NEWS AT SEI
This library item is related to the following area(s) of work:System of Systems
This article was originally published in News at SEI on: March 1, 2000
The focus of the past few columns has been on the various ways in which commercial off-the-shelf (COTS) products affect the way we develop systems: how we define requirements, evaluate products, and relate the activities of product evaluation and system design. This time I'd like to take a little step back, and focus on a different kind of issue that arises when an organization that is building a new system decides to "go COTS." I'd like to discuss a more programmatic topic, one that we at the SEI have had some interesting experiences with, and also describe some of our work in the area.

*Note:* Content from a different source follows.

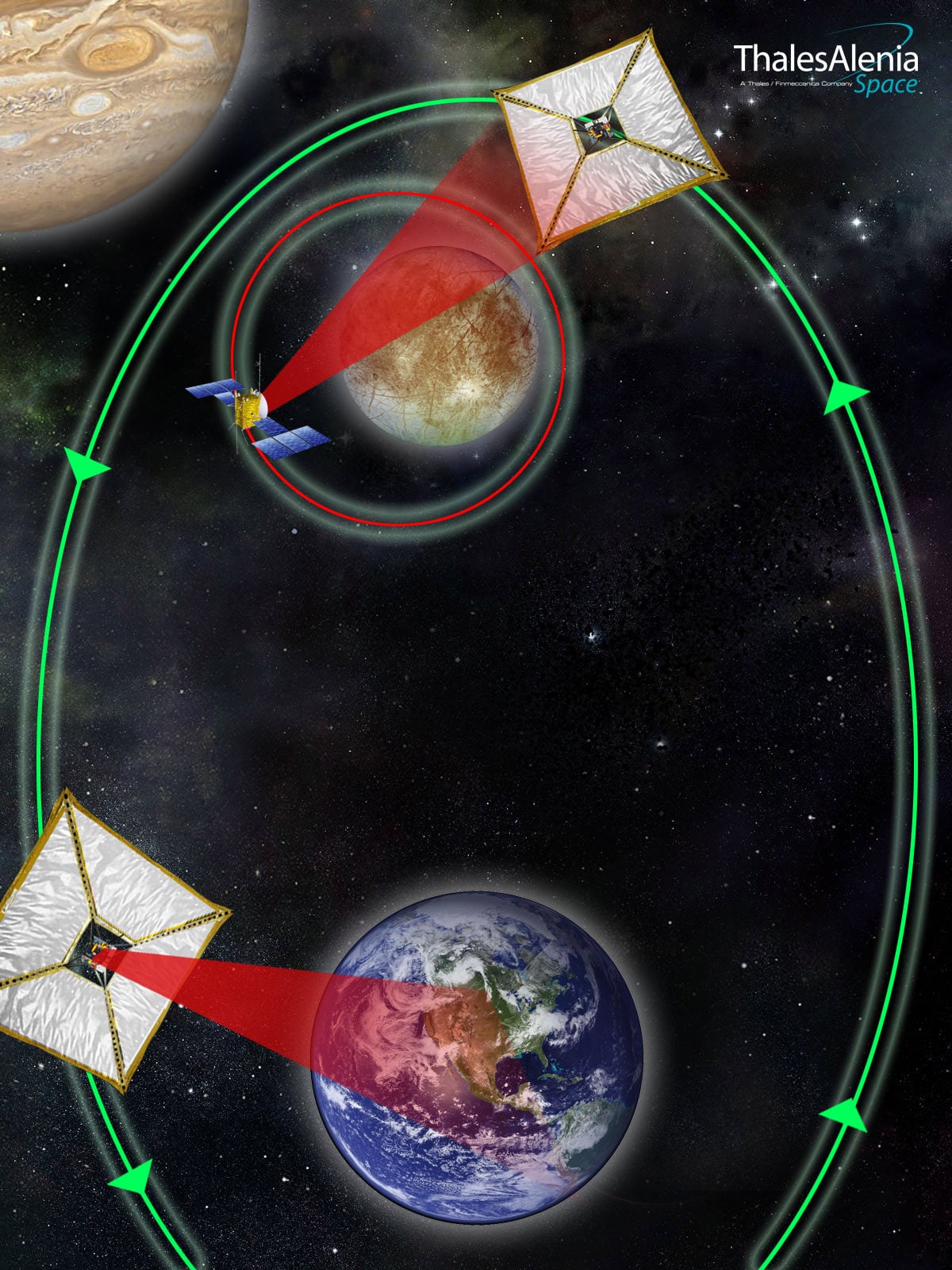 "Space-rated flash memories will soon be able to store the huge quantities of data needed for the global mapping of planetary bodies in high resolution." said Poncy. "But a full high-res map of, say, Europa or Titan, would take several decades to download from a traditional orbiter, even using very large antennae. Downloading data is the major design driver for interplanetary missions. We think that data clippers would be a very efficient way of overcoming this bottleneck."

The topic at hand is risk: its identification, evaluation, mitigation—all of those related things that we lump under the heading of risk management. The thrust of this column will be first to consider how, for a given project, the familiar notions of risk and risk management are affected by the presence of commercial software. Second, I will describe an approach that we have been developing that specifically addresses the question of risk evaluation for COTS-based programs.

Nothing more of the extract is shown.